今回の手術は、ALS患者にとっての大きなイベントである気管切開を行うものだったのと、いくつかのトピックスを含むものになったので、複数回に分けて詳細に書き残しておきます。

手術を決断するまでの経緯

2016年4月に胃瘻造設を行いました。当分使わないつもりで早めに手術したのですが、嚥下機能の低下の進行が早く、それまで1時間程度だった食事が、すぐに2時間かかるようになり、早々に経口と胃ろうを併用することになりました。

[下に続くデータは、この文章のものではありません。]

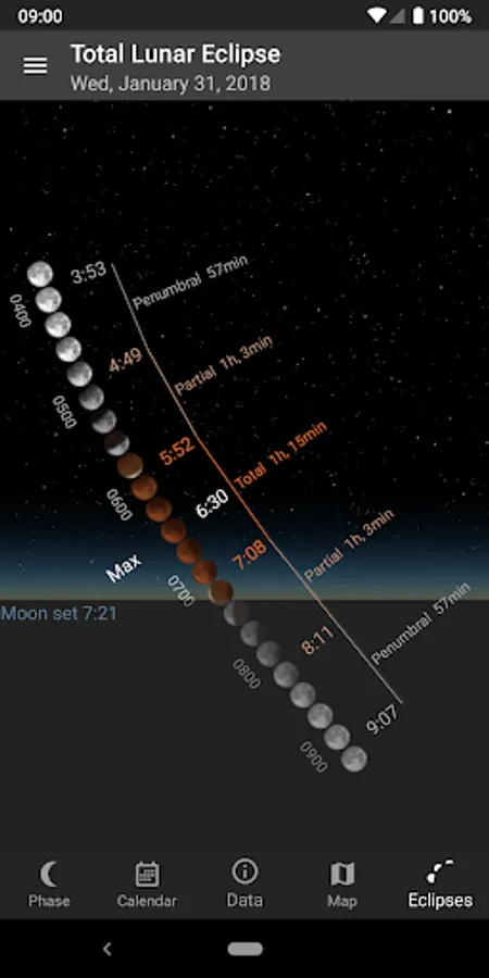 â–¶ Displays all lunar eclipses, with exclusive visualization

この時期と前後して呼吸機能の低下が始まり、夏の初めには血中酸素濃度が93%を示すようになりました。さすがに近い将来の気管切開を意識し始めました。それでも、カフアシストの導入、胸郭マッサージ、夜間バイパップの徹底、LIC Trainnerの導入、といった呼吸筋リハビリを続けた結果、冬になるころには血中酸素濃度が95-6まで回復していました、気管切開はまだ先かな?という気持ちと、突然窒息して緊急搬送になるのも嫌だから早めに手術しないとなぁ、という気持ちの葛藤もありました。

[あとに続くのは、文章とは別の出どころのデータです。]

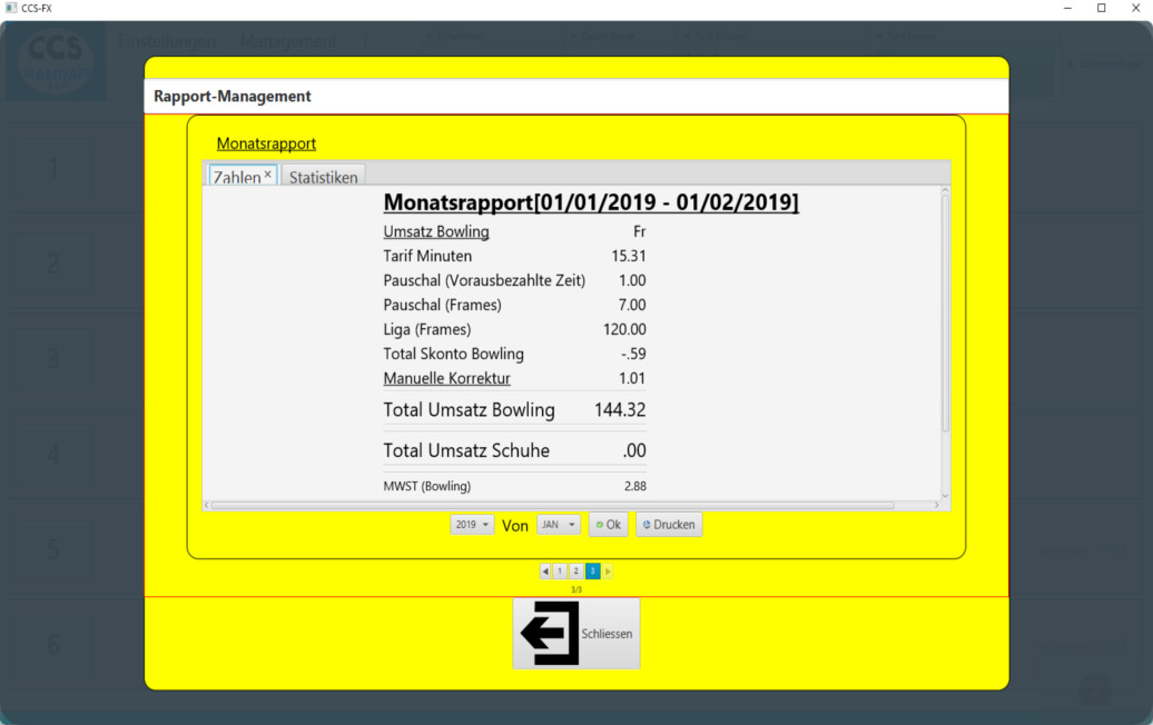 Centralized management system for the management and control of all bowling lanes. Various billing methods and very detailed summaries of the daily reports

一方、嚥下障害の進行も進んで呑み込みが悪くなり、2017年に入ると水分が気管に入り食事中にむせこむことが増えてきました。実は、かなり早い時期から唾液が気管に垂れ込むことによるむせはあったのですが、咳をする力が十分あったので大きな問題にならずに来ました。

食事の形態は、ほぼミキサー食となりました。それでも、食事中のむせは痰を増やすことにつながり、毎食後のカフアシストが欠かせなくなっていきました。また、どんなに工夫しても、汁物やお茶が飲めなくなっていきました。

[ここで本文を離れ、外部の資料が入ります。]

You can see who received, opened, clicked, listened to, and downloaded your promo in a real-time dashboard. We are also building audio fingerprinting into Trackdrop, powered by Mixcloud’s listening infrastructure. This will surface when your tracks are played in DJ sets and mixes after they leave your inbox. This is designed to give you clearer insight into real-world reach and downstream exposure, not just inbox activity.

呼吸はほとんど問題がないのに、食事がままならない状況をどう改善するか悩みました。選択肢は二つありました。

  • 胃ろうからの経管栄養主体に切り替え、経口はあきらめる。
  • 誤嚥防止手術をして、経口主体を維持する。

昨年佐賀の中野玄三さんを訪ねた時、「自分も口から食べ続ける」と誓ったこともあって、3月の半ばに誤嚥防止手術を受けるしかないと決心しました。

声門閉鎖術を選択

さて、誤嚥を防止するには気道と食道を分離しなければならず、咽頭摘出術、咽頭分離術、声門閉鎖術、などいくつかの方法があります。いずれも前提として気管切開が必要になります。

主治医とは、気管切開の時期は自分で決めていいという話になっていましたので、3月の定期診察で意思を伝え、4月に同じ病院の耳鼻咽喉科の医師と術式を相談しました。

実は事前に調べても、どの術式がどのようなもので、どのような長所短所があるのかよくわかりませんでした。何となく分かったのは、どの術式でも食事は口から食べ続けられそうなことと完全に声を失うこと、術式によって体への負担が違いそうだ、ということでした。

声を失うことについては、特に問題を感じませんでした。というのも、私は構音障害の進行が早く、すでに家族にもわからないうなり声しか出せない状態だったからです。

医師から提示されたのは、声門閉鎖術でした。理由は、手術が容易で体への負担が少ないことと、咽頭の形状を維持するので気管カニューレの選択肢が広がる、ということでした。

フーンという感じでしたが、続いて「この病院で初めて行う術式です」との言葉が。声門閉鎖術は、10年ほど前に国内で開発された手法で、病院初だというのです。これで腹が決まりました。喜んで聖マリアンナ医大病院の声門閉鎖術第一号になりましょう、と。